I sometimes feel that I’m impersonating the dark unconscious of the whole human race. I know this sounds sick, but I love it. – Vincent Price
Pumpkin spice abounds at the local Starbucks. My allergies are acting up. The cat has decided to start hibernating. The local cider mill is reopening their doors. The nights grow cooler, the days shorter, and even the sunlight seems tinged by a red-orange hue. The black bound cover of my Edgar Allan Poe anthology calls to me from the far corner of my shelf. Something is happening. It’s time. Time for horror.
I do not adore Halloween itself, but I adore the lead up to it. I love the shortening of the days and the sudden rush of blood in my veins when I consider with shivering anticipation the opportunities of the scary season. Halloween itself has always seemed weird and a little sick to me – people seem to go just a bit mad, and I prefer to remain safely indoors with my scary movies than out in the leaf-turning streets with the ghosts and goblins. But as September turns to October, I feel that familiar urge to fill my Netflix queue with long-forgotten titles of blood and murder; to flip through my DVD collection in search of films I really only watch once a year, and mourn at the realization that I do not own a cop of Suspiria or Abbott and Costello Meet Frankenstein.
Every year at this time, I try to include some new films in my viewing, as well as some of my old favorites. Thus far I have seen House of Wax, starring my darling Mr. Price; I hope also to watch The Amityville Horror, Bird with the Crystal Plumage, The Man Who Laughs and Arachnophobia. I try, as best I can, to expand my horror watching across genres and time periods – although I will not subject myself to so-called ‘torture porn,’ nor the expansive genre of barely concealed misogynistic genres. Slasher films, with the exceptions of the original Halloween and Friday the 13th , hold no fascination for me, but I’m always willing to be convinced.
I have an abiding love for Roger Corman, though, and Tod Browning; for James Whale, and Terence Fisher. I will gladly dream of Christopher Lee’s red-washed eyes, and Peter Cushing’s solid gentility. I will quiver in fear of Argento, stare wide-eyed at Carpenter. Give me Vincent Price, Peter Lorre, Boris Karloff and Basil Rathbone in glorious Cinemascope; treat me to Hazel Court and Coral Browne, to Joyce Jameson and Debra Paget. Give me, in short, the classics, the horrible Bs, the terrifying and macabre, based loosely on Edgar Allan Poe and Nathaniel Hawthorne, and covered in white cobwebs, blood red as paint, fangs digging into arteries.
These films have a gleeful adoration of the macabre that far exceeds the mere ‘scariness’ of their subject matters. While they might not give us the thrills and chills they once did, they still give us wide-eyed wonder.

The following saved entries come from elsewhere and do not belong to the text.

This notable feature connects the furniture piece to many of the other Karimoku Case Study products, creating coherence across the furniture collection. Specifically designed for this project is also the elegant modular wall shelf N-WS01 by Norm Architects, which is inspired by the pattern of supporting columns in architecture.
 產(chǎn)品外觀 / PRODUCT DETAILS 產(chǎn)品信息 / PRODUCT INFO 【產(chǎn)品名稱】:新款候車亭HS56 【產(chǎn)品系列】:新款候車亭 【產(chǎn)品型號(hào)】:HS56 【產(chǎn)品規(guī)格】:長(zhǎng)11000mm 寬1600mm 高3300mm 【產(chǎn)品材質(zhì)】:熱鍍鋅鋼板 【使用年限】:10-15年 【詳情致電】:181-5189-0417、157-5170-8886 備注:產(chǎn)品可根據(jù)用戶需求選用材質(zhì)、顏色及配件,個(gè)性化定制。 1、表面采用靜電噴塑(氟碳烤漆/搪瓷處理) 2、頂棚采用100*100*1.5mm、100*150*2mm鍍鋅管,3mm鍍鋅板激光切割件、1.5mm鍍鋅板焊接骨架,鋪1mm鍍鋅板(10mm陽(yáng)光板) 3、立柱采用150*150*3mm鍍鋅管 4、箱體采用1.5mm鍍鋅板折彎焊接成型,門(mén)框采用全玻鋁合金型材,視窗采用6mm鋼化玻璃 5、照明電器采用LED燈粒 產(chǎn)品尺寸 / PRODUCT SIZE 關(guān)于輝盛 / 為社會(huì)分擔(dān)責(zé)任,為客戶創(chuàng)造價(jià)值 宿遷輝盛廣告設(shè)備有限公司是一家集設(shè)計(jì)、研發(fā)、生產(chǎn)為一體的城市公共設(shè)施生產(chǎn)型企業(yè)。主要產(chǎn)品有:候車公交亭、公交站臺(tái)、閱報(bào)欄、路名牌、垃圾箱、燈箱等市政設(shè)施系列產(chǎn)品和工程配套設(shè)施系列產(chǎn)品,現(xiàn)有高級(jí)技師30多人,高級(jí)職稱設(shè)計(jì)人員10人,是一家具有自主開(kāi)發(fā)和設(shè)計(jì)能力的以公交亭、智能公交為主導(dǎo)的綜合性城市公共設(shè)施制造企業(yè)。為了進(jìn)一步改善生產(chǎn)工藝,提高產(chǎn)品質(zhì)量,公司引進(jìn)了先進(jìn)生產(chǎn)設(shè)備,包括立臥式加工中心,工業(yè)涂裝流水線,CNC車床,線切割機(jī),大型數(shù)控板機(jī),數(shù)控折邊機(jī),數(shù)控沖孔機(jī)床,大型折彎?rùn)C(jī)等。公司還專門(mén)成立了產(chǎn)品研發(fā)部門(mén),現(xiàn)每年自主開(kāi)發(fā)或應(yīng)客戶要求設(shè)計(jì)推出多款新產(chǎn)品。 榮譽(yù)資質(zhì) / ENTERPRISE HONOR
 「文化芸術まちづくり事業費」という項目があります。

To watch Karloff in Bride of Frankenstein or Lugosi in Dracula is to watch the creation of an icon; no one can come after them because they made the movies that we know in our very bones. These are the marrow of our cinema, the foundations of our terrors; if they don’t scare us any more, it is because they are so familiar, so a part of us, that the terror they once represented has been fully internalized. We become the monsters we create, and so perhaps we have become the Monster and the Wolfman, Dracula and the Mummy. Perhaps they no longer frighten us because we can see ourselves so perfectly in them. Or perhaps they truly are of a bygone age, good only to recall past glories, and mean little to the horror world of today.

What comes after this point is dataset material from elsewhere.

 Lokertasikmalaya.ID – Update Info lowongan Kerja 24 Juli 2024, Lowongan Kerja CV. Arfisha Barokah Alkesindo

When Vincent Price said that he was impersonating the dark unconscious of the human race, he did not go wrong. Horror is the love of those terrors beneath the surface, the dark underbelly of small town America, the repressed monster dwelling within us all. I don’t know why I love certain types of horror – the Gothic, the macabre, the big empty houses, the family secrets and hovering ghosts – while feeling either disgusted or bored by others. Horror is about enjoyment, it seems to me, and as individual as the experience of comedy. I have no doubt that in the coming weeks you will be favored with further ruminations on the nature of this finest of genres, the kind that divides friendships and has us arguing into the small hours that The Exorcist was not really scary, but Deep Red most certainly is. These are the times when I love cinema, because I can stop thinking and enjoy it, allow the screams to echo from the screen, watch the blood flow, and smile knowing that it’s all just paint, that this is but a stage, and that the terror, what terror there is, is not real. Times also when I will not question, analyze, explain or explore, but for a few brief moments enjoy the darkness.